Однажды пришло письмо от Тоби. Он теперь совсем обосновался в Оксфорде. Майкл читал его письмо с облегчением. В неуклюжих фразах Тоби извинялся за свой поспешный отъезд, за неблагоразумные поступки, которые, как он надеялся, не причинили много бед. Он благодарил Майкла за его доброту, писал, как много значило для него пребывание в Имбере, писал, что очень огорчился, узнав из газет, что все они разъезжаются, но надеялся, что все устроится так же хорошо где-нибудь в другом месте. Но главное, что явствовало из письма, и это успокаивало Майклу душу, – для Тоби действительно вся эта история была закончена. Никаких намеков на муки вины, ни тревожных дум, ни размышлений о душевном состоянии Майкла. Полный смысл случившегося в Имбере, по счастью, не дошел до Тоби, не мучило его сейчас и любопытство к тому, что минуло. Он был в новом чудесном мире, а Имбер стал для него уже историей. У него в Корпусе-Кристи[67] замечательная старинная комната, отделанная панелями, сообщал он Майклу. Он ее украсил изображениями средневекового колокола, которые вырезал из «Иллюстрейтед Ландон ньюс». Тьютор его был просто поражен, когда он рассказал ему, как он обнаружил колокол. Мерфи, между прочим, живется очень хорошо, он прекрасно освоился у его родителей. Здорово, не правда ли, придумал Питер – забрать Мерфи? А как ужасно печально и поразительно то, что случилось с Ником, – он до сих пор с трудом верит, что это правда. Майкл должен навестить его в колледже, если окажется как-нибудь в Оксфорде, и выпить с ним стаканчик шерри. Майкл улыбался, читая письмо, он был рад ему.
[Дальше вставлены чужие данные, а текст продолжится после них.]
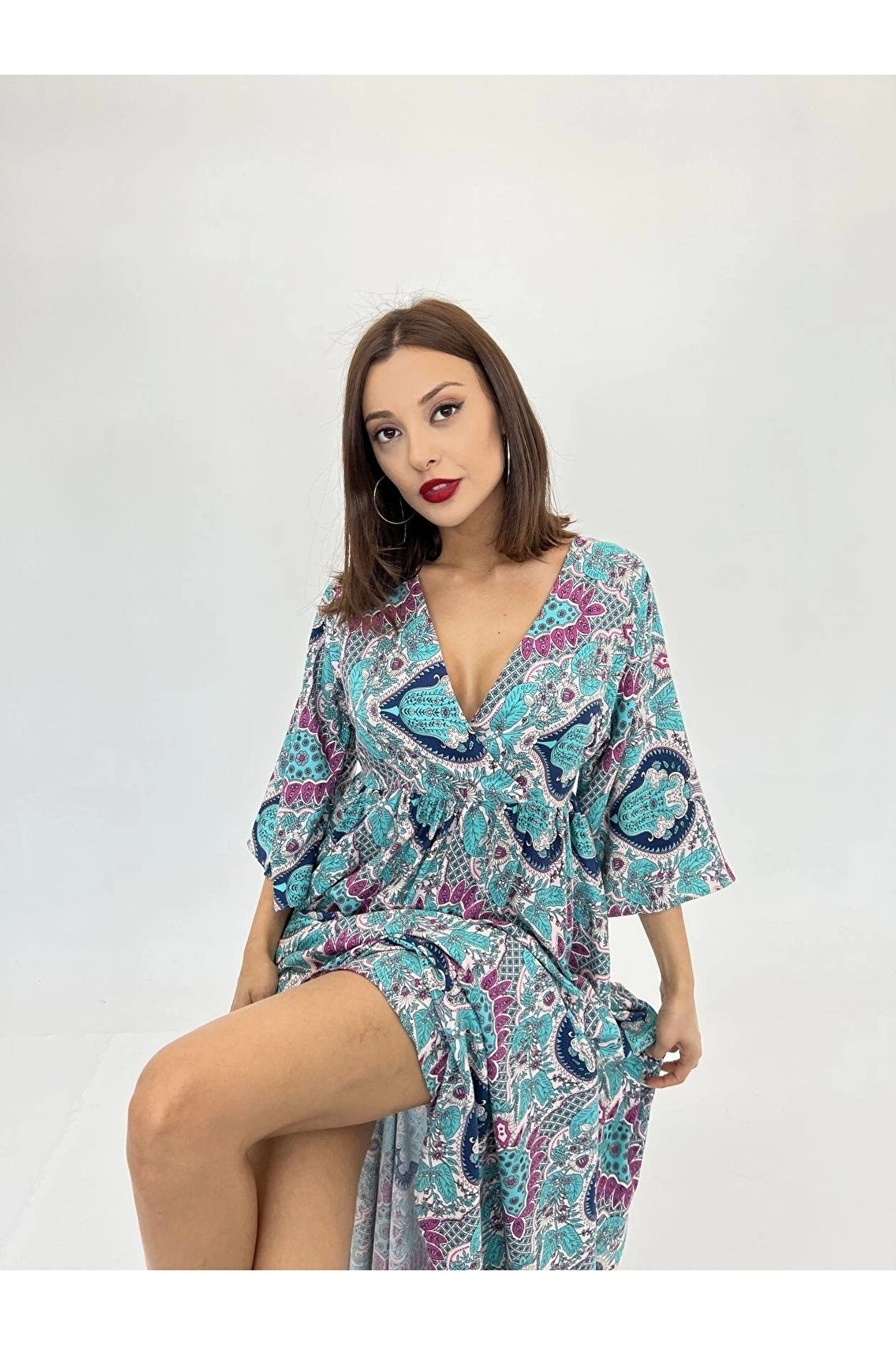 Kalın Askılı Kare Yaka Baskılı Keten Mavi Midi Boy Elbise

Может, он и впрямь заедет когда-нибудь к Тоби, доставит тому удовольствие покрасоваться покровительственным отношением и сказать потом своим друзьям, что это, мол, и есть тот самый старый хрыч, про которого он им рассказывал, тот самый, что приставал к нему – ну, там, где он нашел колокол.

Все эти мысли о Доре и Тоби лишь попеременно мелькали на поверхности сознания Майкла. В глубине души он был постоянно сосредоточен на другом. Боль, которую он ощутил, когда узнал, что Ник мертв, была такой невыносимой, что он поначалу думал, что не перенесет ее. В первые дни его утешало только сознание того, что он еще может покончить с собой. Такая боль не должна длиться. Он мог заниматься только тем, что касалось Ника, говорить только о Нике – когда вообще говорил. Он несколько раз перевернул все вверх дном в сторожке, искал хоть что-нибудь – письмо, дневник, – что мог бы истолковать как послание к себе. Он не мог поверить, что Ник ушел, не оставив ему ни слова. Он ничего не нашел. В печке лежали обугленные бумаги – останки, вероятно, последней корреспонденции, которую сжег Ник, – но они прогорели, и собрать их было нельзя. Дом ничего не открыл Майклу, пока он в отчаянье, слепой от слез, которые теперь то и дело сами собой набегали на глаза, рыскал по шкафу, чемоданам и карманам пиджаков Ника.

За это время любовь его к Нику выросла каким-то дьявольским образом до невероятных размеров. Временами эта любовь казалась Майклу огромным деревом, которое прорастает из него, и его мучили страшные сны о раковых опухолях. Теперь образ Ника постоянно стоял у него перед глазами, часто он видел его мальчиком: вот он летает по теннисному корту, ловкий, сильный, скорый, и ощущает на себе взгляд Майкла. Временами Майклу казалось, будто Ник умер в детстве. Вместе с этими видениями приходило и нестерпимое физическое желание, а за ним и страстное стремление – столь всеобъемлющее, что казалось, оно исходит из всего его существа, – вновь обнять Ника.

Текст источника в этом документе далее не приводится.